Zpověď zapomenutého is a 2015 documentary film by Petr Václav about the life of Czech-Italian composer Josef Mysliveček. When screened at the FIPA International Competition in Biarritz in 2016, the film won the gold prize (FIPA d'or). It is also the winner of the 2016 Trilobit Award. A biographical film based on the life of Mysliveček with the title Il Boemo was also developed, in collaboration with the Czech conductor Václav Luks, artistic director of the early music ensemble Collegium 1704, and released in 2022.
Zpověď zapomenutého is narrated by Czech actor Karel Roden, who reads from personal letters and journal entries written by the composer.
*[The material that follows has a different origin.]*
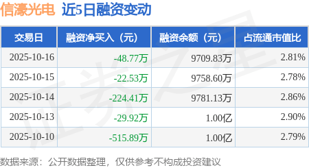 证券之星消息,10月16日,信濠光电(301051)融资买入212.53万元,融资偿还261.3万元,融资净卖出48.77万元,融资余额9709.83万元。
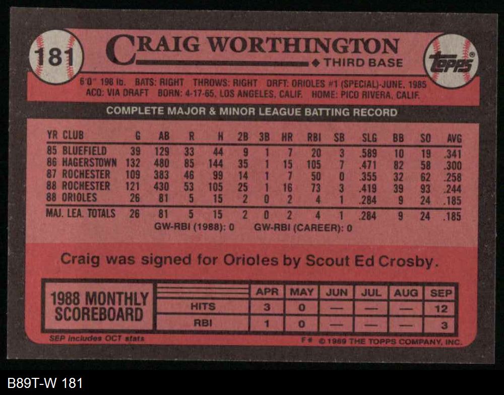1989 Topps #181 Craig Worthington

According to Deník, "The film combines footage from Collegium 1704 rehearsals of Mysliveček's opera L'Olimpiade conducted by Luks in 2012 and 2013 at the Prague National Theatre, where the composer worked, and from various archives. Through letters, music, atmosphere and landscape, Václav reconstructs the life of a man who was a talented composer and an eternal wanderer with no background but also a lover of women and emoluments, which ultimately was his fatal undoing. Mysliveček's life journey and imaginary feelings, suggestively rendered by Karel Roden's pensive speech, illustrate the film's subject."

Moreover, Zpověď zapomenutého "captures the emergence of opera."

French historian and 18th century Naples specialist Mélanie Traversier was historical consultant on this documentary film.